* _YOUR ASSIGNMENT_
Where the data below begins, start retyping exactly, and end on the line with "A mediados de", which is included; no picture goes in.

· · · ·

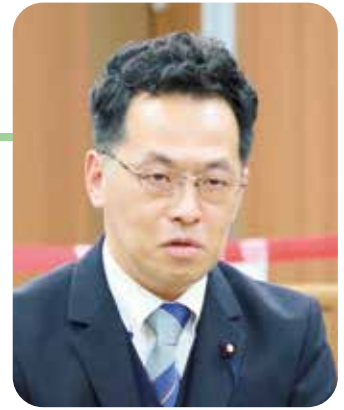
議員 佐々木 大作
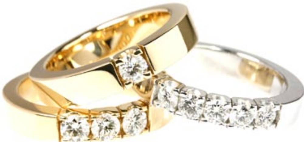
Allianceringe/vielsesringe med brillanter fra kr. 5.600,- Design: Klarlund.

Klarlund har også designet vielses- og forlovelsesringe til samme anledning. De fås i mange kombinationer, flere farver guld og platin, med eller uden brillanter. Priserne på perlesmykkerne er vejledende, da hver kulturperle er unik. Perlerne prissættes ud fra en samlet vurdering af kombinationen størrelse, glans, form, farve og overfladestruktur.
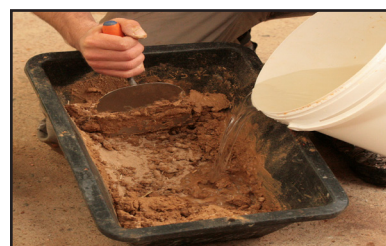
Étape 2 - préparation et humidification de l'enduit (spatule ou malaxeur)
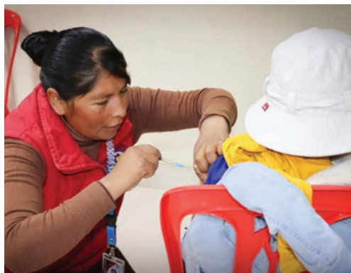
A mediados de enero se espera la llegada de un lote de vacunas contra la influenza

general, rinorrea u otros síntomas respiratorios acudan de inmediato a los centros de salud para recibir un diagnóstico y tratamiento oportunos. Esto tiene como objetivo evitar complicaciones y la propagación de enfermedades respiratorias en el departamento.
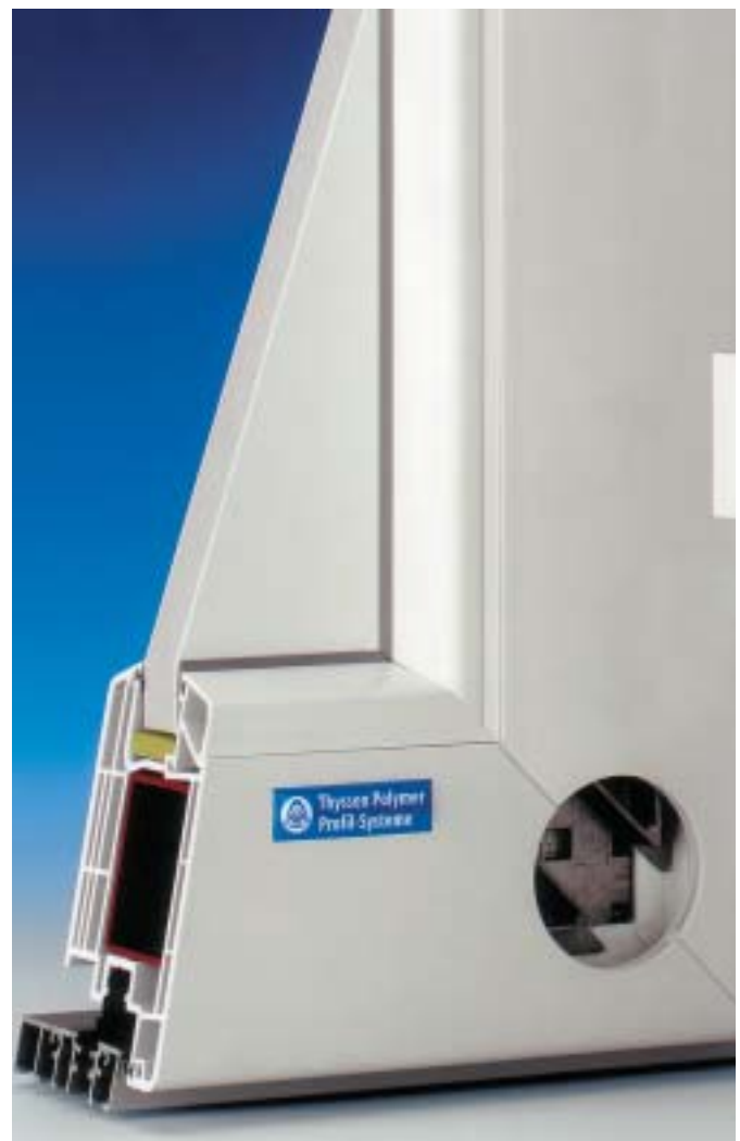
Erfüllt hohe Ansprüche in Optik und Ausführung: neue 5-Kammer-Haustür Prestige im Querschnitt.

tengerechtem Bauen. Großdimensionierte Aussteifungsstäbe mit 2 mm Wandungsstärke gewährleisten hohe Verwindungssteifigkeit. Als Füllungen lassen sich Glasscheiben oder Paneele bis 44 mm Dicke einsetzen. Die Profilkonturen sind mit 20° abgeschragten Anschlagkanten und kräftigen Radien ausgelegt, um den fertigen Türen eine abgerundete, gefällige und griffige Optik zu verleihen. Die verschleißsichere Gebrauchstauglichkeit ist geprüft auf 100 000 Lastwechsel.
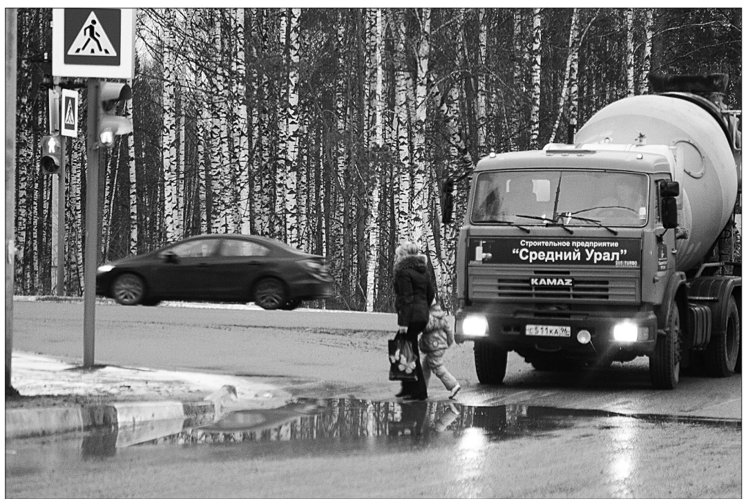
Жители Старателя огорчены состоянием единственного светофорного перехода. При ремонте дороги рельеф не выправили – перекресток в низине, отчего «зебра» вечно в лужах и грязи, и пешеходам приходится ее обходить.
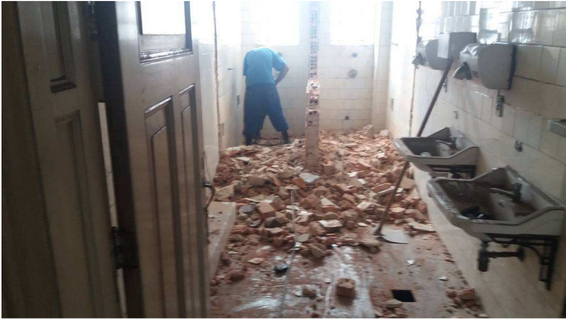
DEMOLIÇÕES E RETIRADAS DATA: NOVEMBRO/2016
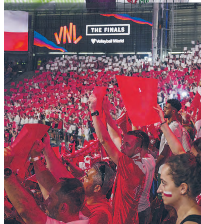
Triumfotorem Ligi Narodów została Francja, która w finale turnieju w łódzkiej Atlas Arenie pokonała w niedzielę (30 czerwca) reprezentację Japonii 3:1.
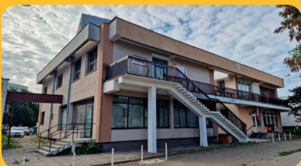
Lokal przy ul. Grunwaldzkiej 613

Stawki powyższe nie obejmują opłat z tytułu centralnego ogrzewania, energii elektrycznej, wody, wywozu nieczystości, wieczystego użytkowania gruntu, podatku od nieruchomości itp. Stawki do negocjacji.
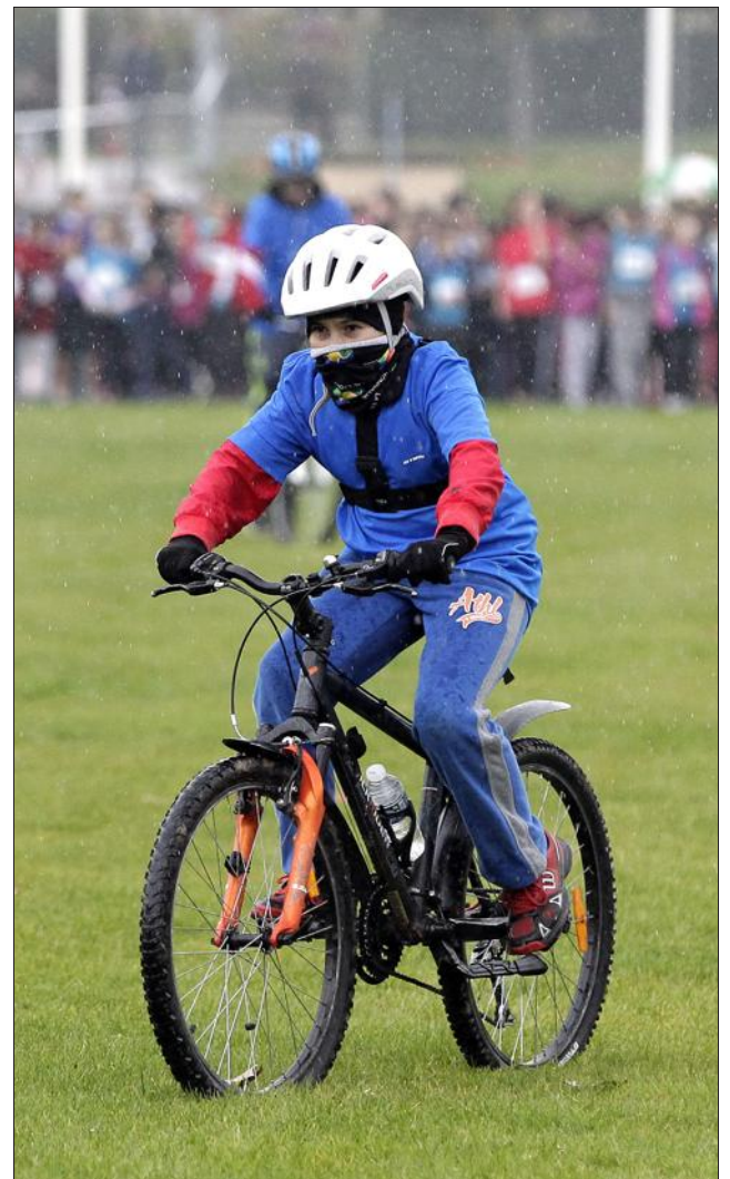
■ Les vététistes ont ouvert les courses
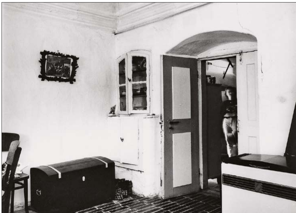
Obr. 20: Křivice, čp. 50, vstupní část světnice.

mů) ani změny staveb po roce 1875 s charakteristickými podkrovními polopatry s nezbytnou náhradou krovu. Velice přínosné bude v budoucnu porovnání změn zástavby v dalších obcích regionu, především na Královéhradecku a Jaroměřsku, zejména u obcí postižených většími požáry, případně válečnými událostmi roku 1866 (kde však ponížení palbou a následnými požáry nebylo příliš závažné).
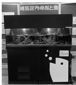
【アトリウム展示水槽】

ヤなどの魚類や水生植物が確認された。一方、特定外来生物の生息も確認されており、今後とも状況を見ていく必要がある。
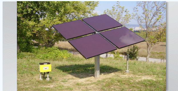
Следящ соларен панел, разработен от ЗК ООД.

Проектът, с който фирмата е приета за инкубиране е "Последна електрическа миля" или телекомуникации по електрическата мрежа, посредством PLC технология. Тази технология осъществява изграждане на мрежи за високоскоростен Интернет по съществуващите електро- разпределителни мрежи. Тя намира широко приложение в изграждането на информационни мрежи в училища, болници, офиси, хотели, търговски центрове, обществени сгради, туристически обекти и др. За това време фирмата увеличи своя оборот повече от 8 пъти.
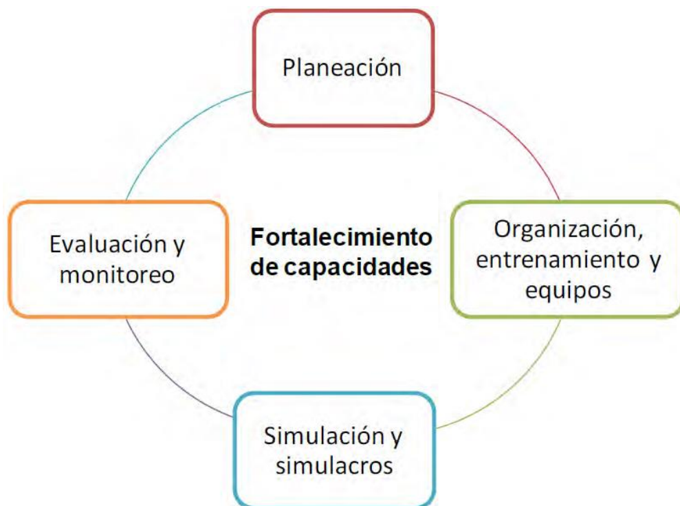
Figura 1: Proceso de Fortalecimiento de capacidades.

La fase preparación involucra las actividades que se realizan antes de ocurrir la emergencia con el fin de tener mejores capacidades y mejorar la respuesta efectiva en caso de un desastre, y sus principales aspectos son:
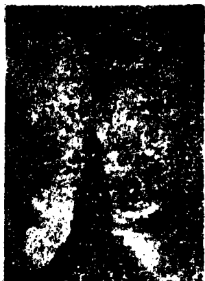
تورم مع ثخانة فى الأطراف السفلى نتيجة الزهري ( السفلس )
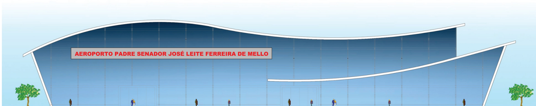
Imagem do Projeto da fachada do Aeroporto Internacional de Cargas de Pouso Alegre

Projeto inédito no país terá aeródromo com a maior pista do Brasil
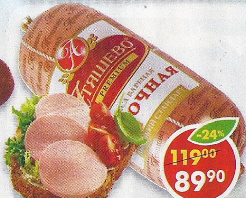
КОЛБАСА МОЛОЧНАЯ, вареная, высший сорт, Атяшево, 500 г
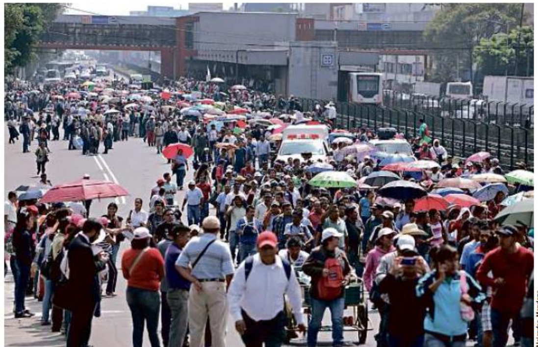
Y DESQUICIAN TRÁNSITO. Cientos de maestros marcharon ayer sobre Tlalpan para protestar contra la reforma educativa, lo que generó caos vial en esta importante arteria.
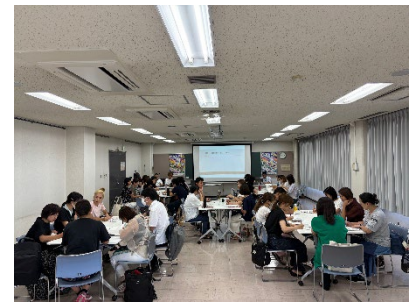
子ども110番の家 ネットワーク会議
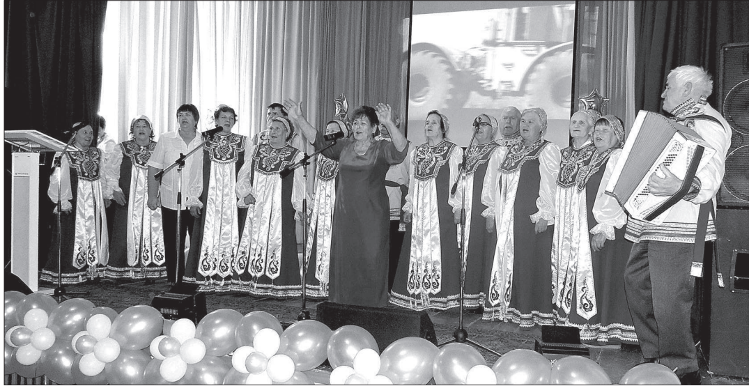
● Поет фольклорный коллектив.
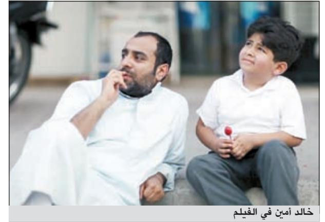
خالد أمين في الفيلم
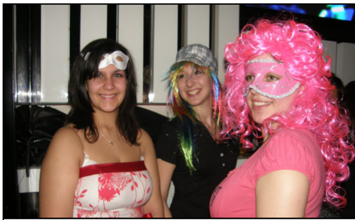
Три атрактивни участнички в бала с маски

университет и беше посетен от над 1200 студенти. В заведението се влизаше със специални покани, които се раздаваха предните дни в Университета. Всички студенти в духа на събитието носеха колоритни маски и костюми. Всеки от тях се беше превъплътил в различна роля – фея, ангелче, принцеса, вещица, рицар, каубой, пират, лекар, шейх или герой от филми. Студентите се забавляваха заедно, а организаторите се бяха погрижили за най-активните да има и множество награди.
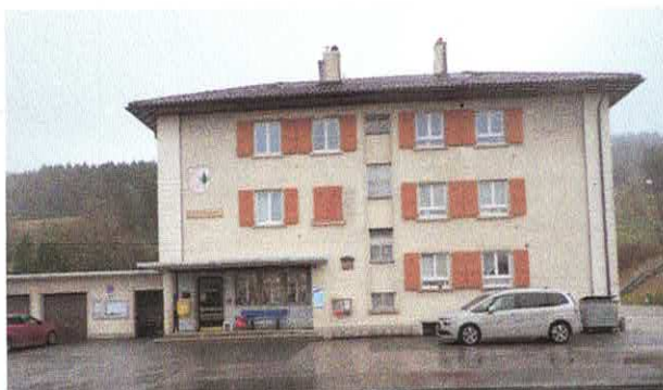
Place devant le bâtiment et l'Epicierie de Germinal Rue Centrale 12

Objet : Réfection de la place devant le bâtiment Germinal Rue Centrale 12 et la grande salle Rue Centrale 14

· · · ·

* _WRITTEN RESPONSE_
議員 佐々木 大作
Allianceringe/vielsesringe med brillanter fra kr. 5.600,- Design: Klarlund.

Klarlund har også designet vielses- og forlovelsesringe til samme anledning. De fås i mange kombinationer, flere farver guld og platin, med eller uden brillanter. Priserne på perlesmykkerne er vejledende, da hver kulturperle er unik. Perlerne prissættes ud fra en samlet vurdering af kombinationen størrelse, glans, form, farve og overfladestruktur.
Étape 2 - préparation et humidification de l'enduit (spatule ou malaxeur)
A mediados de enero se espera la llegada de un lote de vacunas contra la influenza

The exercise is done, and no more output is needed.